In July, Ortega told The Hollywood Reporter that public perception does not align with who she is: “I think that’s part of my struggle with that side of this job, because you feel incredibly misunderstood,” she said. “It’s almost to a point where it feels like your name doesn’t belong to you. I almost don’t even resonate with it anymore. I hate assumptions, and a big part of this job is that people are going to make assumptions about you.”
She added, “Yes, I have qualities similar to Wednesday, but I’m not [her].”
And she went further on celebrity culture: “We know too much [about actors],” she said. “And the people feel entitled to those bits and pieces of your life where, if they were put under the same microscope, they wouldn’t feel nearly as comfortable.
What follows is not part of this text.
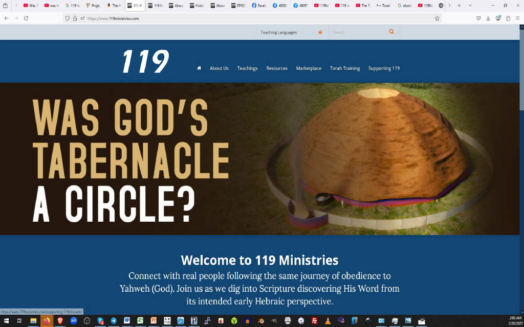 On Saturday the 15th of February, I got an email from Noel with invitation to come back on his YouTube channel for an interview, where Noel mentioned a recent 119 ministries critique video, which aired on Friday the 14th. The 119 ministires crew entitled it, “Was God’s Tabernacle a Circle’. While Noel offered some measure of warning, I was highly suspicious and equally amused by the title. After watching the video, it was clear that I was getting dragged into the court of public opinion—but without the courtesy of inquiry—much less the benefit of two or three witnesses. The 119 Ministries crew went so far as to advertise the prejudicial video on their home page, even featuring my own artistic content against me.

But there’s an expectation on creative people who, half the time, should not be speaking publicly. They’re supposed to become salesmen for their brand. But they should just lock them in a room and let them create their art.”
And she makes those statements through fashion as well.
Jenna Ortega treats fashion like a boundary and a statement at once. Boudoir dressing on a red carpet could read like vulnerability, but on her, it reads like empowerment.